Quando indivíduos decidem viver em comunidade, é imprescindível que haja um consenso básico em alguns pontos que viabilizam um convívio minimamente harmônico entre eles. Por outro lado, também é preciso que haja discordância, a existência de uma diversidade de ideias, para que as melhores sejam escolhidas para solucionar os conflitos e os problemas que invariavelmente surgem em todo e qualquer local onde há uma união de seres humanos.
Nesse sentido da diversidade de ideias, há uma frase dita pelo cientista político João Pereira Coutinho que está sempre viva na minha memória. O sentido dela, que transmite o fundamento de uma democracia liberal e que deveria ser de conhecimento de todos, é que toda sociedade precisa daqueles que questionam o motivo de uma mudança, o porquê de ela ser necessária, e o que ela trará de positivo para nós; mas também precisa daqueles que questionam o porquê de não haver a mudança e o que o “status quo” nos proporciona de positivo que não justifique a mudança.
Grosso modo, atualmente podemos observar esses dois lados no que se convencionou chamar de “direita” e de “esquerda”, respectivamente, em que cada corrente de pensamento – com as suas ramificações internas – pensará propostas para resolver as questões que fazem parte do nosso cotidiano. Contudo, esse mecanismo, que promove o avanço das sociedades por meio da tolerância e da implementação das melhores soluções para as respectivas situações, torna-se corrompido quando os indivíduos deixam de lidar com o que é expresso pela realidade, passando a enxergá-la através da “lente da ideologia” e de dogmas. Esse, para mim, é o maior defeito da esquerda brasileira.
A esquerda brasileira, infelizmente, é esmagadoramente influenciada por ideais sindicalistas e marxistas, sendo, por conseguinte, extremamente estatista e hostil ao liberalismo (não apenas ao econômico, como também ao que propicia a existência da forma de governo mais benéfica que tivemos, a democracia liberal). Na prática, esses fatos, associados ao seu dogmatismo ideológico, muitas vezes causam um prejuízo enorme justamente àqueles que dizem representar, causando uma contradição evidente entre o que é falado e o que é feito.
Para exemplificar, temos dois casos clássicos. O primeiro é a relação de amor incondicional da esquerda brasileira com qualquer regime autoritário de cunho marxista ou anticapitalista, ao mesmo tempo que dizem defender a democracia e os direitos humanos. Recentemente, vimos a repressão policial às manifestações LGBT e contra o governo em Cuba. De que lado a esquerda brasileira ficou?

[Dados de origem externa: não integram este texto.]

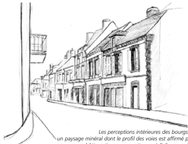
Les perceptions intérieures des bourgs de plaine : un paysage minéral dont le profil des voies est affirmé par un front bâti continu, mur gouttereau à l'alignement de la voie.

On trouve deux types majeurs de composition, la maison en pan de bois ou colombage et la maison en maçonnerie.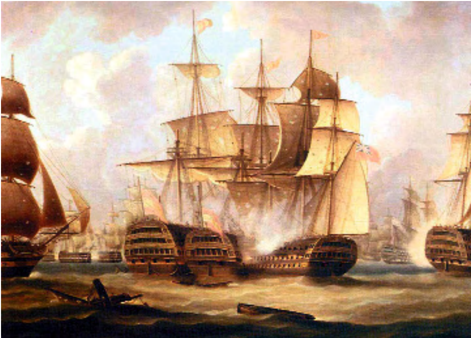
Detalle del cuadro de Thomas Buttersworth The battle of cape St. Vincent . El San Nicolás y el San José . (Colección privada).

San Vicente, donde es hecho prisionero. De esta manera, a los 47 años, finaliza su vida en el mar al servicio de la Real Armada. Navegó catorce años y tres meses, teniendo bajo sus órdenes un total de dos corbetas, tres fragatas y cuatro navíos.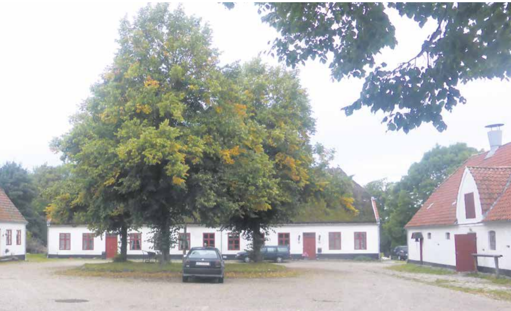
Dyrehavegård ejes af kommunen, men det er en forpagter, der står for driften af landbruget og hestepensionen, der har plads til 72 heste.

nen, men hævdede selv uberettiget EU-støtten, som i 2013 var på 230.000 kr.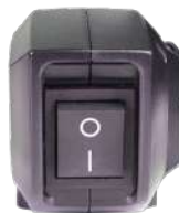
Удобная кнопка включения.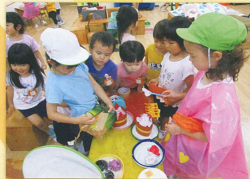
品物をつくってお店屋さんごっこをする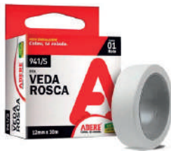
94 FITA VEDA ROSCA 12MM X 10M CX/100 7896193295049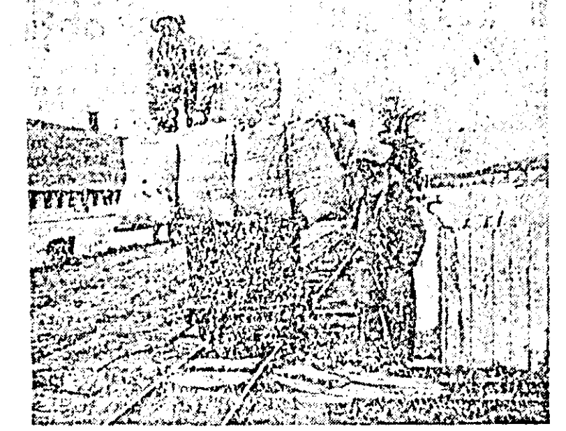
De la magazine furajele sint transportate pe linii decolii.

Prezentarea cetățenilor este obligatorie pentru declararea terenurilor ce posedă (grădini în jurul casei, terenuri virane, terenuri arabile) animale (cal, vacă, bol, oi, capre, porci) și stupi de albine. La prezentare fiecare cetățean trebuie să cunoască suprafețele de terenuri ce posedă în ha și pe țeturi de cultură, precum și specia animalelor cu vîrsta fiecăruia. So dau declarații scrise pe imprimărie oficială care se găsesc la secțiunea agricolă respectivă.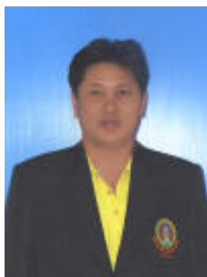
คณะกรรมการ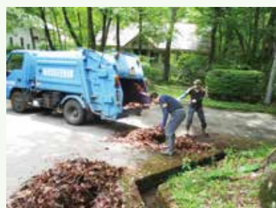
側溝清掃作業中 (上の原高原別荘地)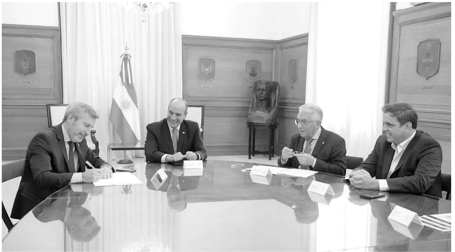
Guillermo Francos recibió de forma individual a varios gobernadores en búsqueda de consensos para que la ley Bases se apruebe y se calmen las aguas en el oficialismo.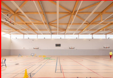
La lumière naturelle et le choix d'une palette de teintes claires, au sol comme sur les murs, apportent une impression de légèreté au volume de la salle multisport.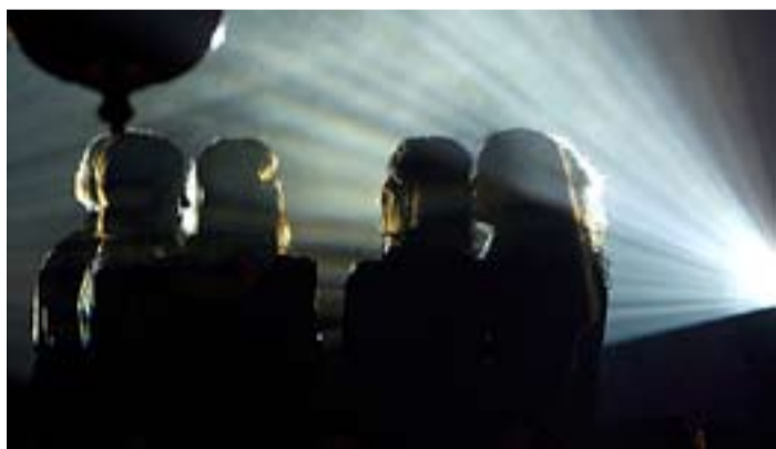
Stemningsfullt i kirken. Sangere, musikere, og lyssettere gjorde en strålende jobb.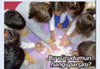
Bu vücudumun hangi parçası?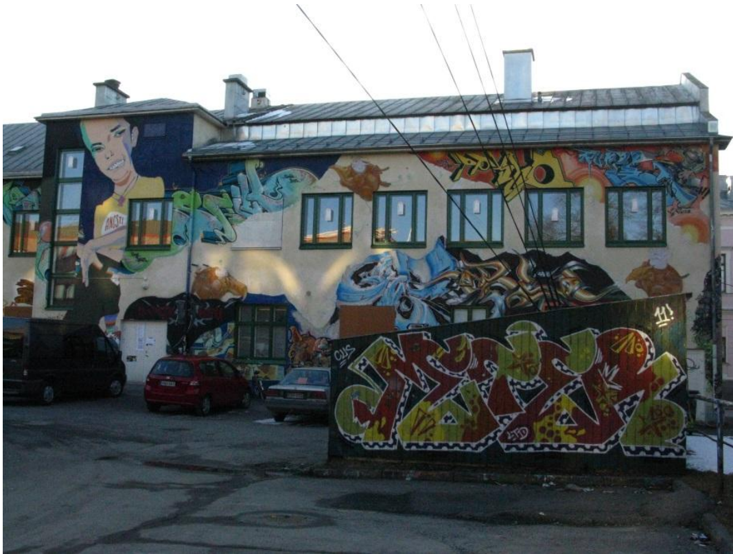
Kuva 2: Näkymä kulttuuritalo Annankatu 6:n sisäpihalta

Tutkimusprosessi sai alkunsa tammikuussa 2012, kun esittelin luovaa tilaa koskevan aiheen maisemantutkimuksen graduseminaarissa. Alkuinnostuksen jälkeen en kuitenkaan saanut otetta aiheesta ja luovan tilan tutkiminen siirtyi hiljalleen tutkimukseni taustalle. Halusin tarkastella paikan kokemista ja kokemusten liittymistä annislaisten eli kulttuuritalon aktiivikäyttäjien elämään. Täten tutkimukseni kehittyi koskemaan paikan elämäkerrallista kokemista. Teoreettisemmasta näkökulmasta katsottuna minua kiinnosti paikkaan liittyvä ristiriitaisuus ja kategorisoinnin vaikeus. Tutkimuksellisen selkeyden ja pro gradu –tutkielman rajallisuuden vuoksi käsittelen tutkimuksessani vain yhtä paikkaa. Perustelen tutkimukseni oikeitusta sillä, että kulttuuritalo Annankatu 6 erottuu muista vastaavanlaisista kulttuuritaloista pitkän historian ja edelleen käynnissä olevan toiminnan kautta. Tämä tekee siitä erityisen tapauksen muiden kulttuuritalojen joukossa. Näkemykseni mukaan kulttuuritalo Annankatu 6:tta ei ole aiemmin tutkittu elämäkerrallisena paikkana. Mielestäni tutkielmani on tarpeellinen lisä paikkatutkimuksen valmiiksi laajalle kentälle.

O segundo caso é o do Marco do Saneamento, aprovado no último ano pelo Congresso, que prevê o aperfeiçoamento do sistema, com licitações para a contratação das empresas e concorrência entre empresas públicas e privadas, visando a universalização do serviço até 2033. Contudo, como de costume, a esquerda brasileira, quando ouve “empresa privada”, se arrepia e começa a se manifestar contra. Afinal, a sua ideologia diz que apenas o Estado deve atuar na área, que o empresário é contra o povo, e assim sucessivamente, não importando se a medida beneficiará ou não a população. Disseram até que o projeto iria “privatizar a água”.
Outro aspecto negativo que podemos citar na esquerda brasileira é arrogância, a soberba com que trata os temas de teor social, pois acredita ser a única e legítima defensora daqueles que estão “sob sua guarda”. Todos os outros são “contra a classe trabalhadora”, “burgueses” ou alguma palavra terminando em “ista”. É o mesmo discurso utilizado pela esquerda no início do século passado. É impressionante! Não há evolução, mas uma estagnação dogmática quase inexplicável, a não ser pela fé ideológica.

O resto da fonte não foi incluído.